Research Project: From Field to Watershed: Enhancing Water Quality and Management in Agroecosystems through Remote Sensing, Ground Measurements, and Integrative Modeling

Location: Hydrology and Remote Sensing Laboratory

Title: Evaluating SWAT-3PG simulation of hydrologic and water quality processes in a forested watershed: A case study in the St. Croix River basin

Author
item KARKI, R - University Of Maryland
item QI, J - University Of Maryland
item Zhang, Xuesong
item SRIVASTAVA, P - University Of Maryland

Submitted to: Journal of Hydrology
Publication Type: Peer Reviewed Journal
Publication Acceptance Date: 11/12/2024
Publication Date: 11/29/2024
Citation: Karki, R., Qi, J., Zhang, X., Srivastava, P.K. 2024. Evaluating SWAT-3PG simulation of hydrologic and water quality processes in a forested watershed: A case study in the St. Croix River basin. Journal of Hydrology. 648. https://doi.org/10.1016/j.jhydrol.2024.132393.
DOI: https://doi.org/10.1016/j.jhydrol.2024.132393

Interpretive Summary: Forests are often an important component of a watershed and can have significant influence on terrestrial hydrology and water quality. Here, we incorporated the 3-PG forest model into the widely used Soil and Water Assessment Tool (SWAT) watershed model to better represent forest growth. The SWAT-3PG model accurately simulated net primary productivity, leaf area index, and aboveground biomass of forest ecosystems in the St. Croix Watershed, leading to improved performance for watershed streamflow, sediment, and nutrient simulation. The SWAT-3PG model provides an enhanced watershed tool for studying hydrology and water quality in forest-dominated watersheds.

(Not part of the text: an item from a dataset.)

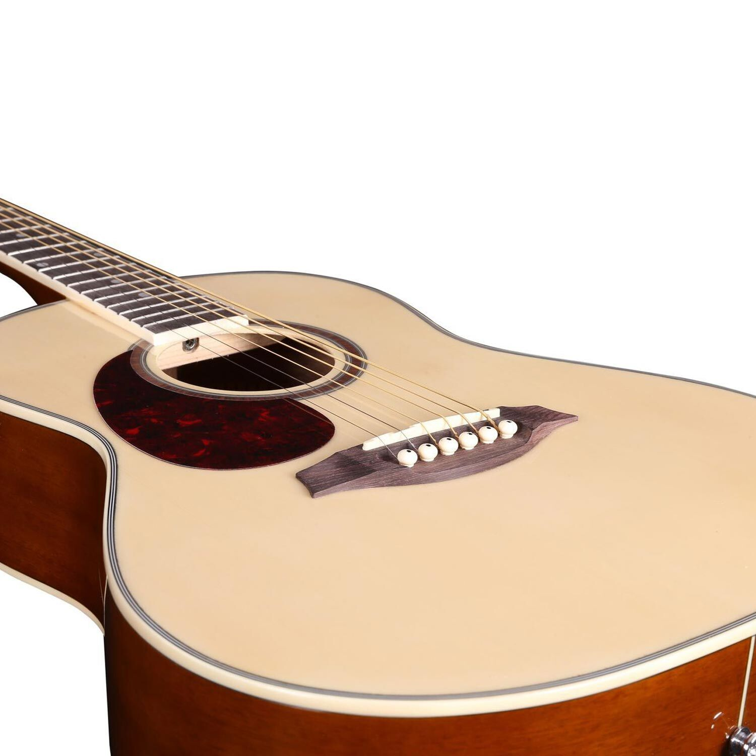It has a Low String Action (all our guitars are set-up at the factory for optimum beginner playing level). String action is the measurement from the top of the 12th fret to the bottom of the string. This is very important because a guitar with a high action is hard to play, a guitar with too low an action will buzz and sound bad. Artist Guitars are set up at the factory for the optimum level for a beginner.
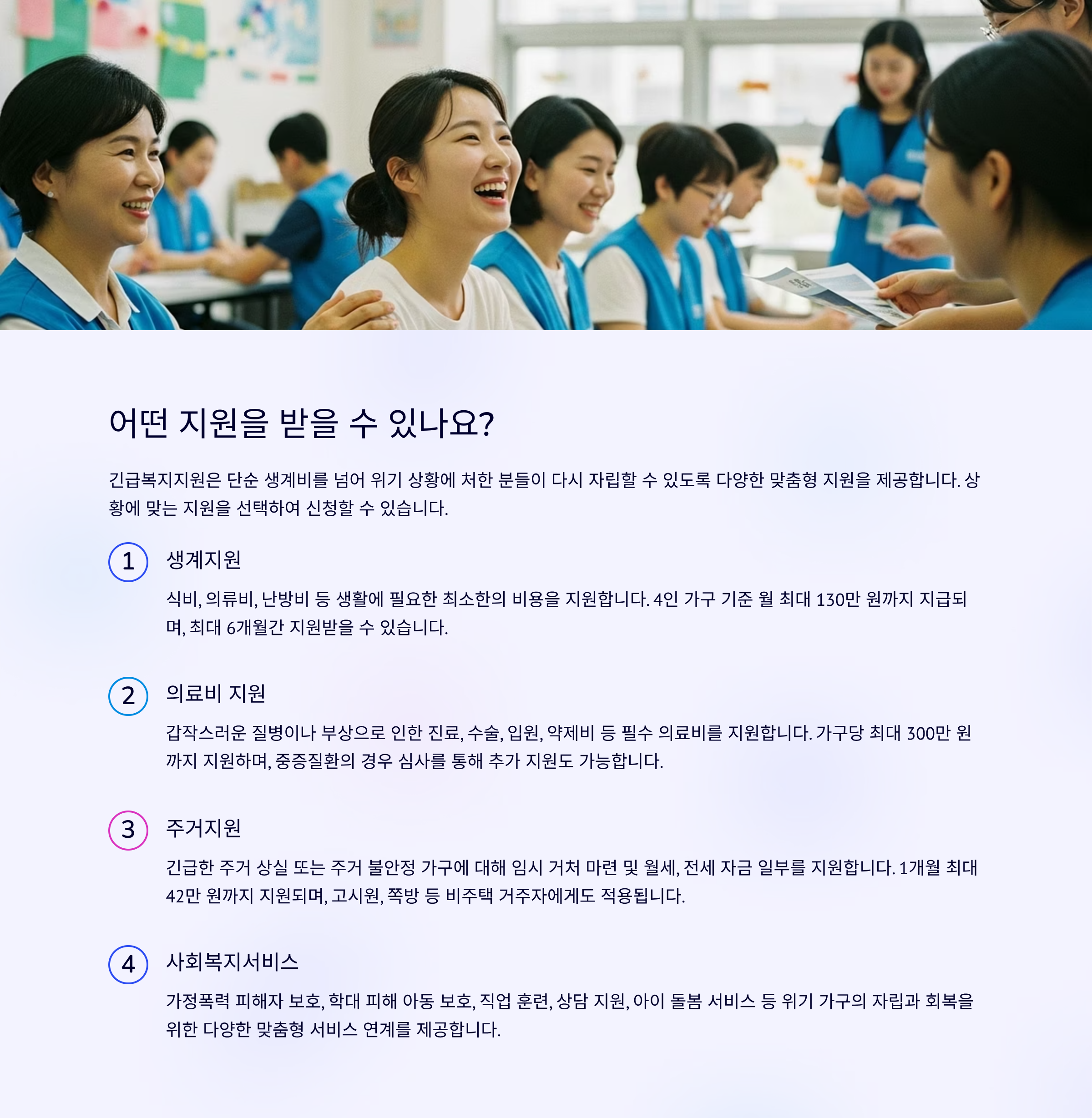 | 생계지원 | 4인 가구 기준 130만 원 | 최대 6개월까지 가능 |

Technical Abstract: Forests impart significant influence on terrestrial hydrologic and water quality processes impacting infiltration, soil moisture, runoff, surface erosion, nutrient and carbon dynamics, as well as transport of sediment, nutrients, and other pollutants to the aquatic systems. As a result, accurate representation of forests and their influences on watershed processes is critical in hydrologic and water quality models to evaluate the impacts of land use/land cover (LULC) change and climate change-driven natural disturbances such as wildfires, droughts, and intense precipitation events on hydrologic and water quality variables. Inaccurate representation of such processes can be detrimental as they can lead to misinformed conservation practice recommendations and policy decisions. Although the Soil and Water Assessment Tool (SWAT) has been widely applied in hydrologic and water quality simulation, the default forest module in SWAT is limited in that it does not simulate many important forest processes such as biomass partitioning, changes to forest structure, and the direct connection between forest biomass assimilation and LAI, leading to its limited application in forest-dominated watersheds. This study evaluated a newly developed version of the SWAT model that incorporates a new forestry module based on 3-PG (SWAT-3PG) for forest simulation and quantifies their impact on hydrologic and water quality simulaton by performing a case study in the St. Croix River basin of north-central U.S. Evaluation against remotely-sensed Net Primary Productivity (NPP), Leaf Area Index (LAI), and forest aboveground biomass (AGB) snapshots available for the region from different published sources showed that SWAT-3PG can accurately simulate NPP, biomass assimilation, the temporal trend in forest AGB, and seasonal variability in LAI. The model was also able to adequately replicate observed streamflow (RSR < 0.7 and NSE > 0.55), sediment, total nitrogen, and total phosphorus (RSR < 0.78 and NSE > 0.43) downstream of the forest-dominated region in the watershed. Comparison against outputs from a calibrated SWAT model with default forest module for the study watershed showed a reduction in surface runoff, increased soil moisture storage and groundwater recharge as well as reduction in the loss of nitrate, sediment, and phosphorus from forest HRUs with SWAT-3PG, indicating improved representation of forest hydrology and water quality processes with the new model.